The problem for these people is that they fail to grasp or even get advice on the first two points above…the difference between an asset and a liability. Therefore they spend a great deal of their windfall on liabilities such as fancy holidays, cars and other luxuries. The cache of cash (the Capital) they had dwindles as these liabilities have to be paid for every month. These purchases are also for things that lose value overnight; a new car drops its value like a hot potato as soon as it is driven off the garage forecourt, because a great deal of its initial cost was tied up in profit for the dealer and the manufacturer and not a true representation of its material value. In this way, the second owner gets a better deal always. The rich never buy cars, by the way!

How to Spend

All of this means that a big part of financial self education should be to learn how to spend, because as you will have seen, rich people don’t seem to skimp on the luxuries. The main difference is that they spend pre-tax money that has already been generated by an asset i.e. profits. They never spend down the capital.

How to spend
The wealthy buy luxuries (liabilities) out of profits before tax. The Capital reserve grows and is never tapped into for spending on non money making items and the tax bill is minimised

The Myth of Ownership

When you grow up with nothing much to speak of, when your parents are frequently overheard worrying about money and there’s never anything leftover for holidays or Christmas presents, the lack of a feeling of security is palpable. Due to this, it is common for peasants like us to feel like we need to own stuff when we reach adulthood and to strive to never be in those same situations with our own kids.
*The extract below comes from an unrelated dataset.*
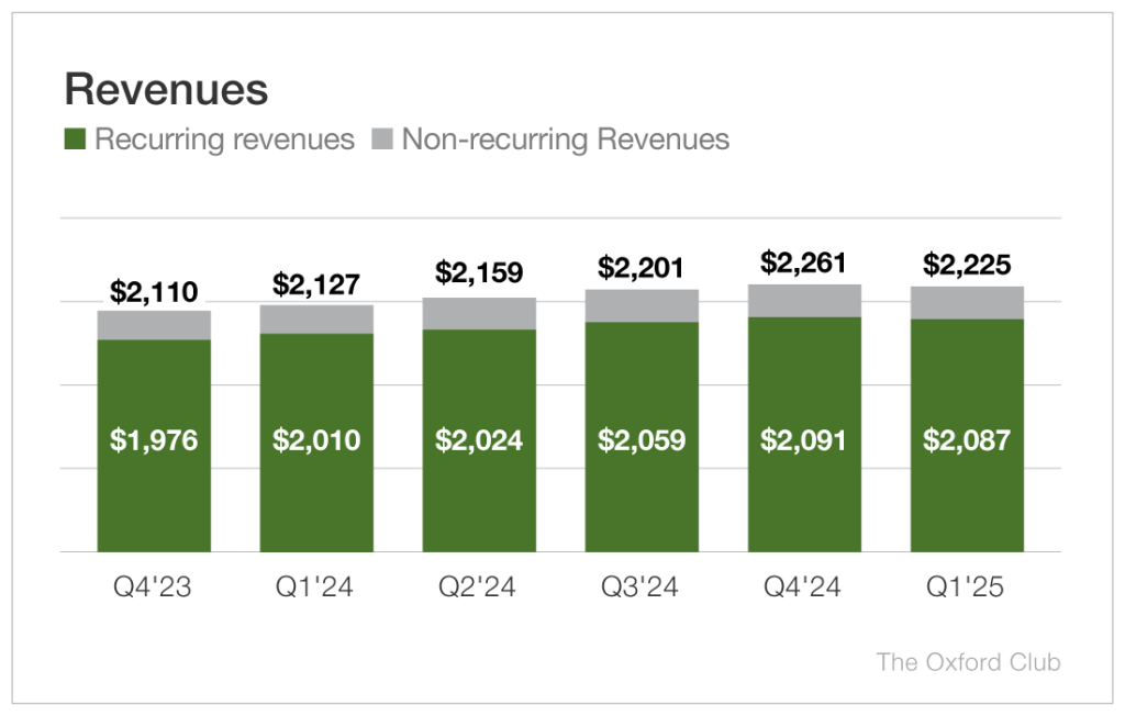 And that growth has continued through the first quarter of 2025. Revenues topped $2.2 billion for the quarter, up almost4% year over year.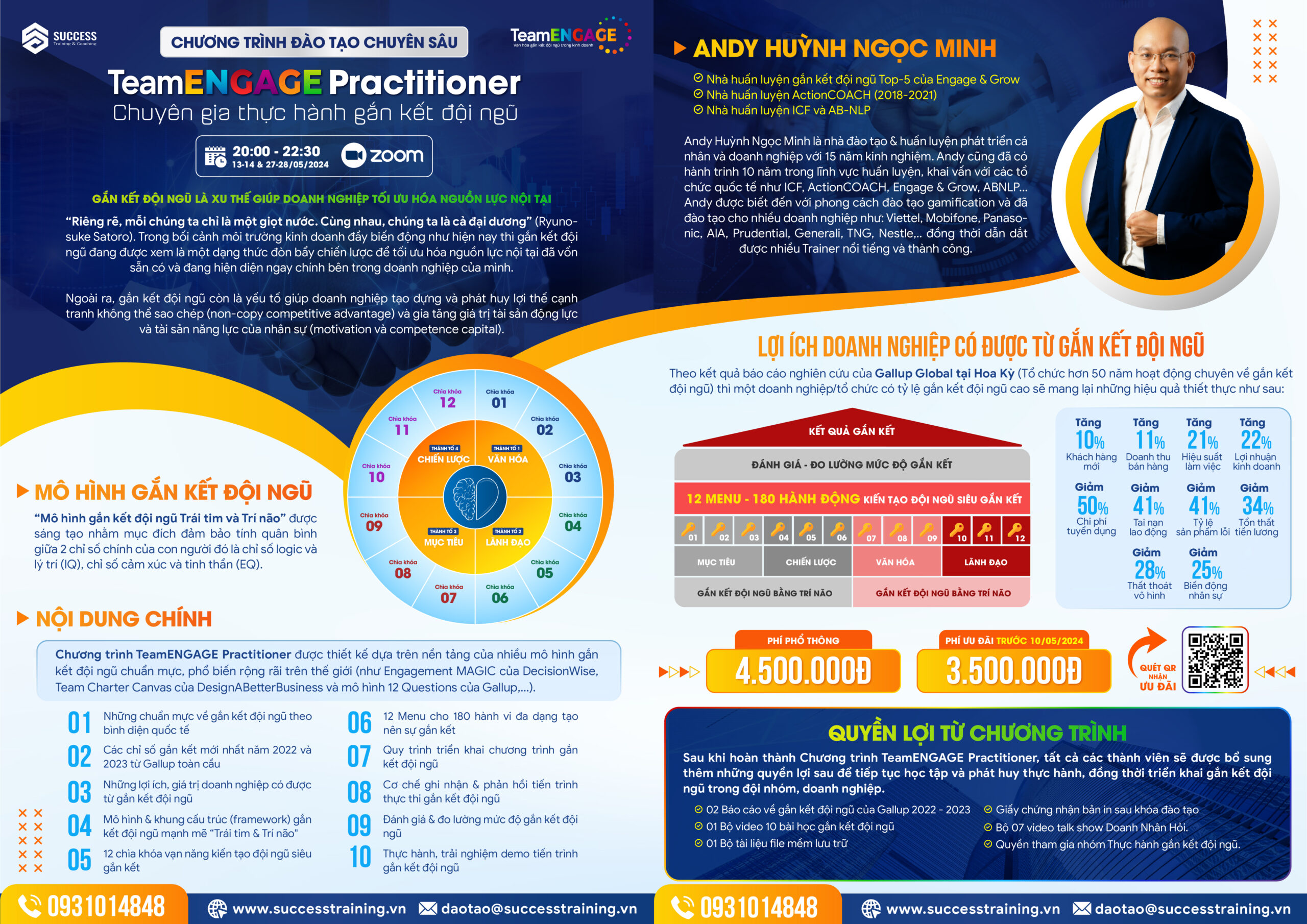 Chương trình hướng dẫn những kỹ năng, phương pháp và công cụ thực tế nhất để đo lường và triển khai gắn kết đội ngũ của bạn từ 4 tuần.

This leads a lot of peasants down the garden path to debt and deeper and deeper insecurity, driven by the myth of ownership. But what do I mean by that? Forgive me for being so blunt…see that Range Rover the rich guy just turned up in? He doesn’t own it and what’s more, he doesn’t even have any desire to own it, because it is a tax deductible business expense that he pays a lease for every month from pre-tax profits, but still a liability. To own a luxury car like that, he’d need to dig deep into his Capital reserves and as soon as he drove it home, it would be worth 20% less than he paid for it. So in effect his company rents it for him to use and the money used to pay for it and run it and put fuel in it, is all tax deductible. In other words the money is never taxed!….think about that for a moment.

Next, see that 5 year old Ford your neighbour just drove up in?…he only thinks he owns it, because he pays a monthly car payment for it. By the time he’s paid it up, it will be knackered and he’ll need a new one…he never owns a car either and the payment comes from wages that have already been taxed!

This is the Ownership Myth in action and it applies not only to cars, but also houses, boats, buildings, clothes, fishing tackle and books too…Let me be even blunter here:

Ownership of anything is a Myth…we are all going to die very soon and you know the old saying about taking it with you!

As peasants, if we can get over the Myth of Ownership we can start to make real progress towards a life of freedom.

The poor buy liabilities like Mortgages, cars and holidays from after tax wages. They typically have no Capital reserves and in many cases are only financially solvent if the next pay cheque turns up on time as promised…one day it won’t!

Financial Education

So the most important thing in gaining freedom while still living in the real world, as opposed to foraging in the woods, is to educate yourself about money and how it really works. I’ve pointed to some resources you can use for this purpose at the end of this post and I highly recommend you get hold of them and start reading.

You and Money

Keep in mind that the rich and the poor have a fundamentally different relationship with money. It’s nothing to do with being clever, just about knowing one simple rule:

The poor work for money, while money works for the rich.